Quality and Compliance Lead

Who are Test Labs?

Test Labs cut through the complexity of medical device testing, their set up allows them to offer highly tailored solutions globally, ensuring strict compliance with EU CE Mark, UKCA Mark, FDA, Health Canada and SFDA requirements. Our core values: Hungry, Humble, Smart serve as the core foundations of our organisational culture, driving us toward unprecedented achievements in Healthcare Innovation, enabling us to deliver Better Healthcare, Faster.

We are relentless in our pursuit of excellence. We hunger for knowledge, challenges, and the constant evolution of healthcare solutions, which drives us to push boundaries, fostering a dynamic, innovative environment. Grounded in humility, we recognise the collective strength of our diverse team. We acknowledge that collaboration fuels innovation. Our humility allows us to learn from each other, embrace feedback, and continuously grow, fostering a culture of mutual respect and open communication. Intelligence is not just about technical prowess; it's about emotional intelligence, effective collaboration, and strategic thinking.

Together, these values create a culture where ambition meets collaboration, where passion meets practicality, and where innovation meets impact.

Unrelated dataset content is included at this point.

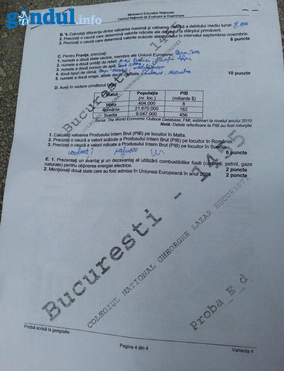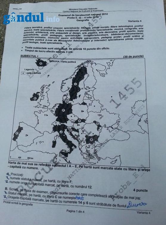 SUBIECTE BACALAUREAT 2014 GEOGRAFIE

People who live our values thrive at Test Labs and benefit both personally and professionally by engaging in the Test Labs journey.

What are we looking for in this position?

• Establish, maintain, and review management system policies, procedures, process maps and documentation, ensuring they are kept accurate and up to date.
• Maintain an effective audit schedule and perform internal audits to meet the requirements of all management systems, including facility, process based and study specific audits, and produce detailed reports outlining the findings.
• Assist and liaise with management in the investigation of near misses, complaints, accidents, incidents and information security breaches and notify all relevant internal and external interested parties.
• Manage all internal and external non-conformances and opportunities for improvements, ensuring robust root cause analysis is carried out, actions are followed up, implemented, and monitor effectiveness.
• Liaise with external certification bodies and external auditors and participate in external audits.
• Assist in the maintenance and improvements of the quality, occupational health and safety, environmental and information security management systems based on objectives and strategy set by the company.
• Maintain the standards/publications relating to the laboratory, legal compliance and aspects and impacts register, keeping them up to date with changes in quality, health and safety, environmental and information security legislation/requirements.
• Support with identification of risks and follow up on agreed mitigating measures ensuring these are documented within the risk registers and that appropriate risk assessments are performed and in place.
• Schedule, prepare for and attend compliance meetings, documenting outcomes and any actions raised.
• Support with management of contractors/suppliers and facility servicing and maintenance records to ensure compliance.
• Communicate effectively with sales, operations and other functions within the business to provide support for management and employees on matters relating to health, safety, environmental and information security.
• Participate in training and development to meet organisational standards/needs and support with the maintenance of a training management system for employees within the business.
• Ensure the principles of Good Laboratory Practice Regulations are complied with for designated studies and act as quality assurance personnel.
• Act in accordance with compliance and statutory obligations listed with legal compliance registers including GDPR and the Data Protection Act.
• Adhere to the company Management Systems and external certifications/accreditations maintained - including responsibilities outlined in the company policies and procedures.

What will we need you to have?

• Always represent our Core Values: Hungry, Humble, Smart.
• Ability to maintain a high level of attention to detail and a methodical approach.
• Excellent verbal and written communication skills.
• Excellent IT skills (Word, PowerPoint, Excel, Outlook, MS Planner).
• Ability to work in, and adapt to, a rapidly changing environment.
• Ability to work cooperatively with others to complete tasks and implement process improvement.
• Ability to prioritise and manage workload within a fast-paced environment.
• The ability to troubleshoot problems and develop solutions.
• Experience working in a GLP and UKAS accredited laboratory.
• Experience in the medical device industry.
• Experience completing internal audits and participating in external audits for GLP, ISO 17025, ISO 9001, ISO 14001, ISO 45001 and ISO 27001.

What will you get?

• 1 Year Fixed Term Contract.
• £40,000 to £50,000 per annum, depending on experience.
• Profit Sharing Bonus Scheme.
• Commitment to your Personal & Professional Development.
• Contributory Pension.
• Employee Discounts and Employee Assistance Platform.